MoCha: End-to-End Video Character Replacement without Structural Guidance
Abstract
Controllable video character replacement with a user-provided identity remains a challenging problem due to the lack of paired video data.Prior works have predominantly relied on a reconstruction-based paradigm that requires per-frame segmentation masks and explicit structural guidance (e.g., skeleton, depth). This reliance, however, severely limits their generalizability in complex scenarios involving occlusions, character-object interactions, unusual poses, or challenging illumination, often leading to visual artifacts and temporal inconsistencies.In this paper, we propose MoCha, a pioneering framework that mitigates these limitations by harnessing the inherent tracking ability of the video diffusion model, therefore requiring only a single arbitrary frame mask and no structural guidance.To effectively adapt the multi-modal input condition and enhance facial identity, we introduce a condition-aware RoPE and employ an RL-based post-training stage.Furthermore, to overcome the scarcity of qualified paired-training data, we propose a comprehensive data construction pipeline.
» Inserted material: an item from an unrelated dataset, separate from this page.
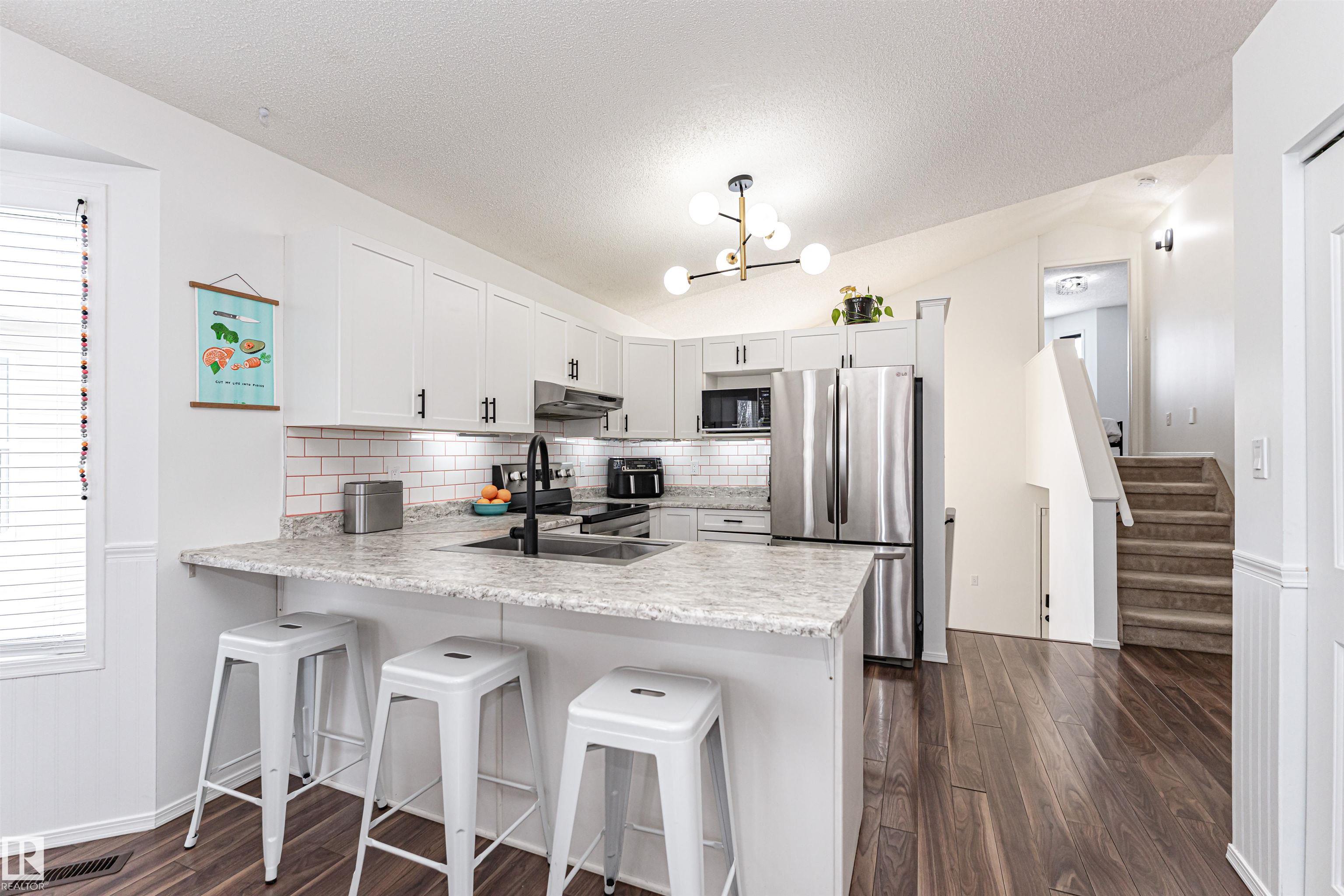 Nestled on a family-friendly crescent in desirable Deer Ridge, this fully air-conditioned 5 bedroom, 3-bath home offers thoughtful design and everyday functionality. The sun-filled living room features vaulted ceilings and a cozy gas fireplace, flowing into the dining area and crisp white kitchen with newer stainless steel appliances, tile backsplash, eat-up counter, under cabinet lighting and ample prep space. New lighting, updated hardware, and stylish accent walls elevate the interior, while refreshed bathrooms add modern appeal. The spacious primary suite has a walk-in closet and 3-piece ensuite. Two good size bedrooms and a full bath complete the main floor. The fully developed basement includes a large family room, two additional bedrooms, a 3-piece bath, laundry, storage, and large windows that flood the lower level with natural light. Relax in the private backyard with a hot tub, refinished deck, and new fence. Newer roof, furnace, HWT and A/C! Welcome home!

Specifically, we design three specialized datasets: a high-fidelity rendered dataset built with Unreal Engine 5 (UE5), an expression-driven dataset synthesized by current portrait animation techniques, and an augmented dataset derived from existing video-mask pairs.Extensive experiments demonstrate that our method substantially outperforms existing state-of-the-art approaches.We will release the code and dataset to facilitate further research.